Batch Prioritized Routing (BPR)
- Batch Prioritized Routing (BPR) is a class of algorithms that jointly optimize resource allocation by coordinating batch-level routing decisions in both neural inference and software-defined networks.
- In mixture-of-experts models, BPR employs a two-phase routing approach—baseline expert selection followed by opportunistic piggybacking—to minimize distinct expert activations and reduce memory latency.
- For SDN, BPR formulations use ILP and genetic algorithm heuristics to maximize admitted flow priorities while adhering to link capacity constraints, demonstrating strong empirical performance on moderate-scale networks.
Batch Prioritized Routing (BPR) refers to a class of algorithms for assignment and resource allocation in both large-scale neural inference and communication networks, unified by the principle of jointly optimizing route or activation choices for a batch of items in order to maximize resource efficiency under quality and priority constraints.

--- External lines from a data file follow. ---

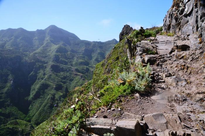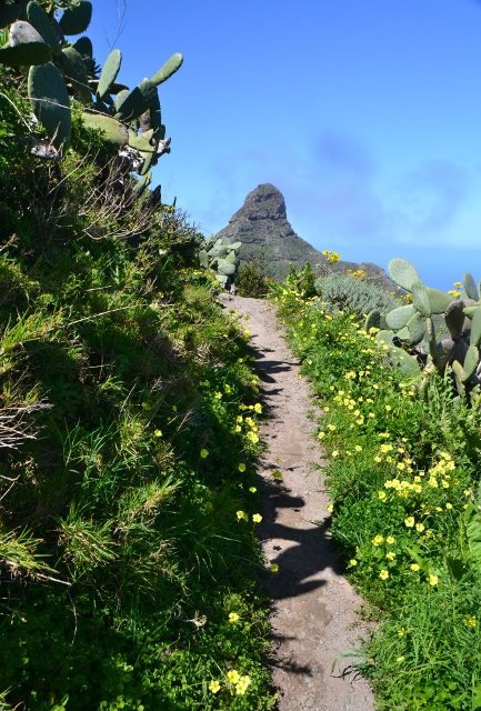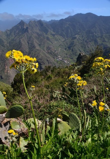 На одном из ответвлений тропы – весьма условном – пришлось продираться сквозь заросли, да еще по соседству с устрашающими кактусами. Зато наградой был вид на долину: за горной грядой лежит Таганана, через которую мы проезжаем, направляясь в Бенихо.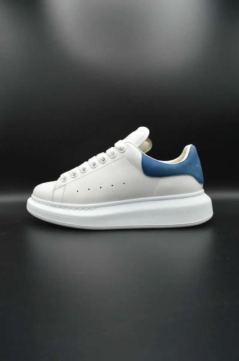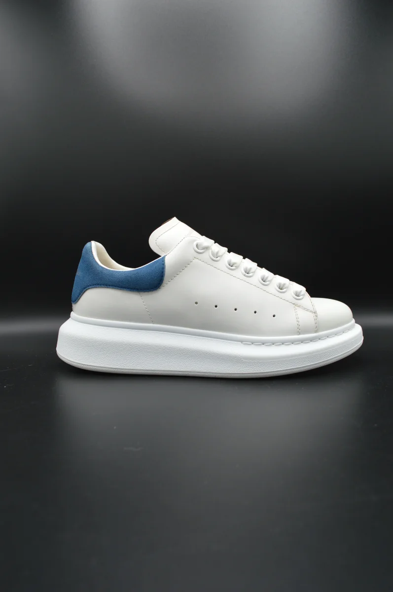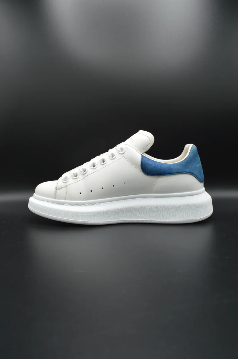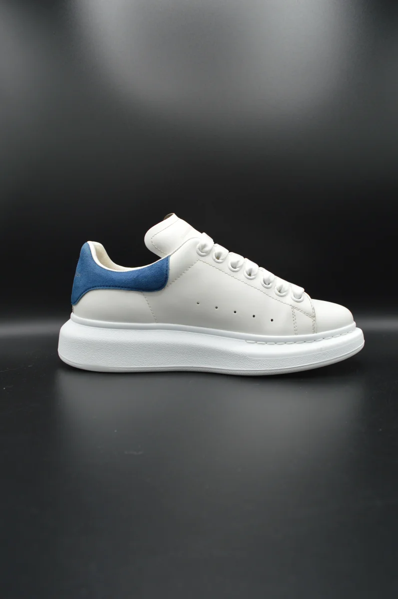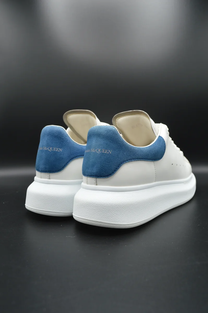 Détails de l’article : Marque : Alexander Mcqueen Modèle : Oversize Pointure : 38 Etat : Comme neuf Couleur : Blanc et bleu marine Matière : Cuir lisse de veau et daim Accessoires inclus : Aucun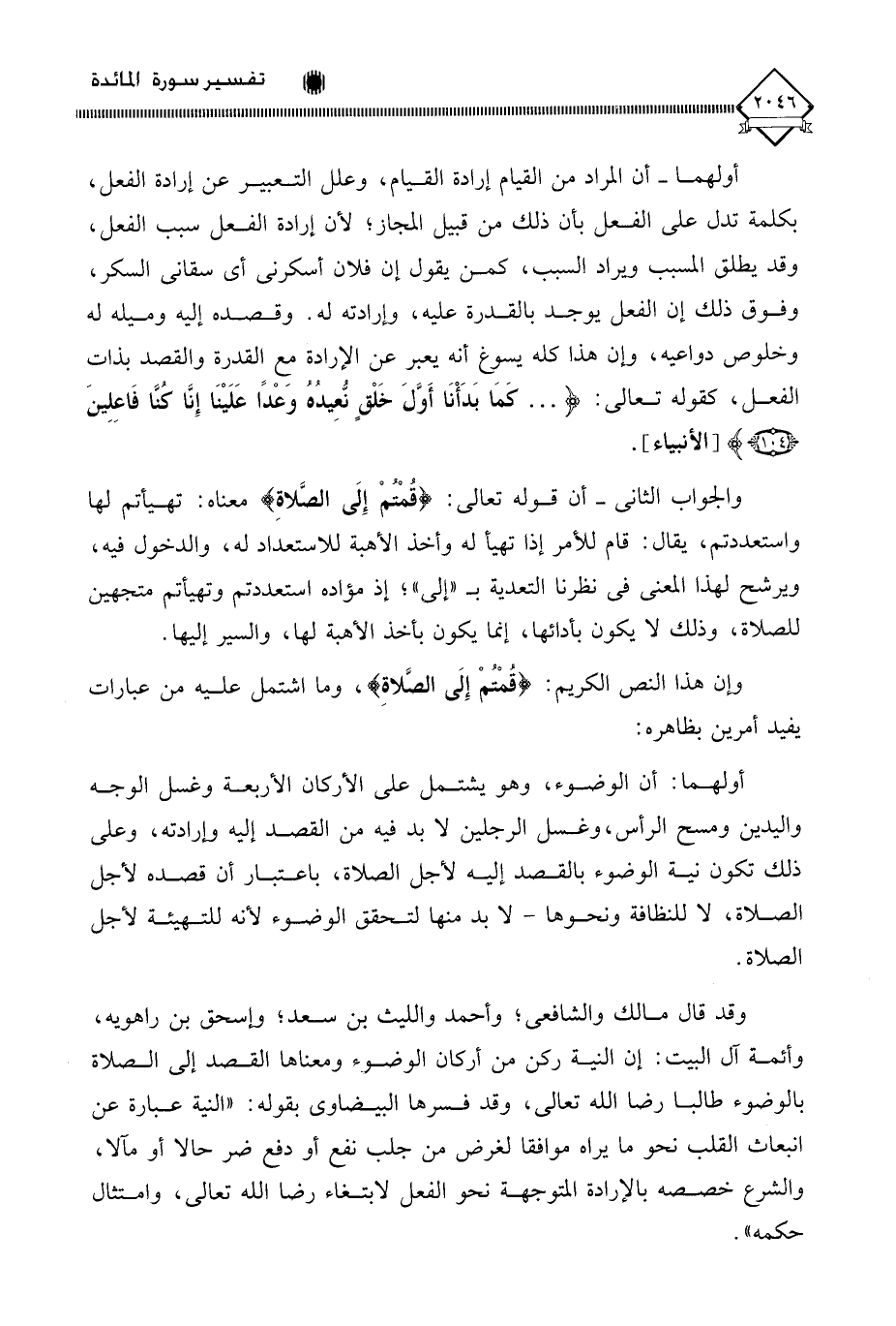 أولهما - أن المراد من القيام إرادة القيام، وعلل التعبير عن إرادة الفعل، بكلمة تدل على الفعل بأن ذلك من قبيل المجاز؛ لأن إرادة الفعل سبب الفعل، وقد يطلق المسبب ويراد السبب، كمن يقول إن فلان أسكرني أي سقاني السكر، وفوق ذلك إن الفعل يوجده بالقدرة عليه، وإرادته له. وقصده إليه وميله له وخلوص دواعيه، وإن هذا كله يسوغ أنه يعبر عن الإرادة مع القدرة والقصد بذات الفعل، كقوله تعالى: (. . . كَمَا بَدَأْنَا أَوَّلَ خَلْقٍ نعِيدُهُ وعْدًا عَلَيْنَا إِنَّا كُنَّا فَاعِلِينَ).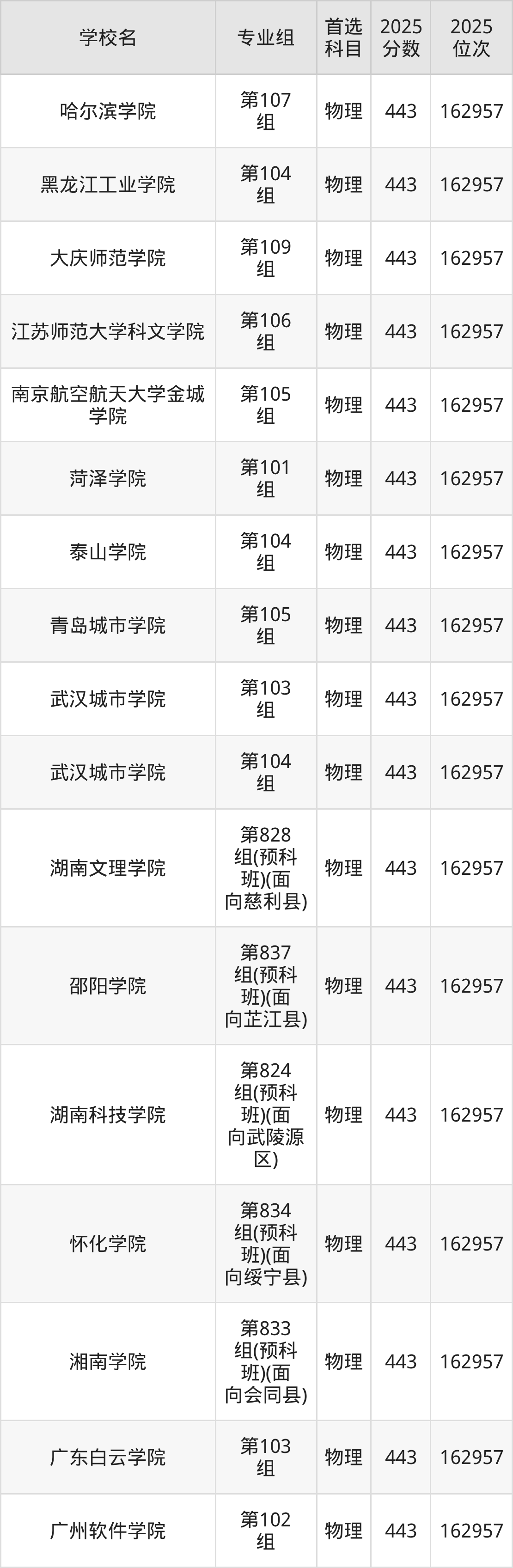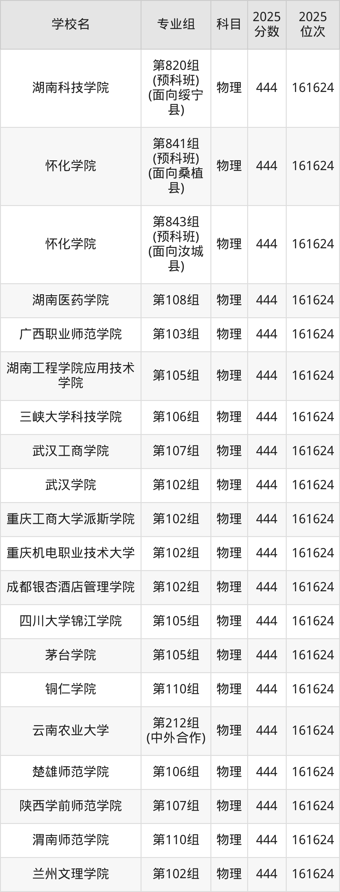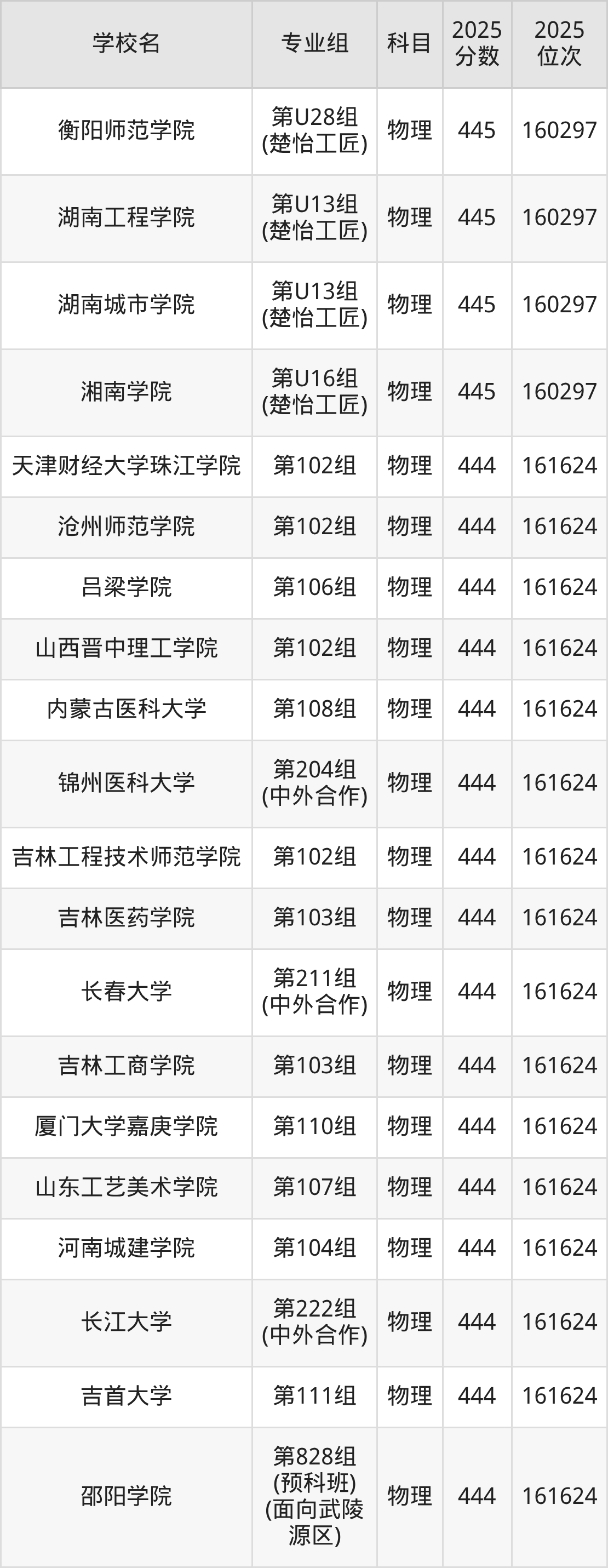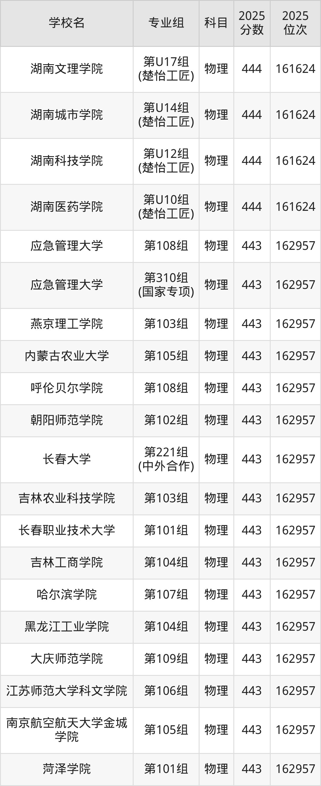 湖南物理类444分对应的位次排名是161624名,因此建议2026年位次排在这附近的考生考虑这些大学。

BPR is particularly prominent in two domains: (1) mixture-of-experts (MoE) LLMs, where it is also known as Opportunistic Expert Activation or Batch-Aware Expert Routing, and (2) network flow admission and routing in software-defined networking (SDN), where it appears as batch-wise priority flow scheduling with capacity and path constraints. While differing in application, both incarnations are characterized by batch-level coordination to reduce contention and memory or bandwidth bottlenecks, typically through mathematical optimization or heuristic search.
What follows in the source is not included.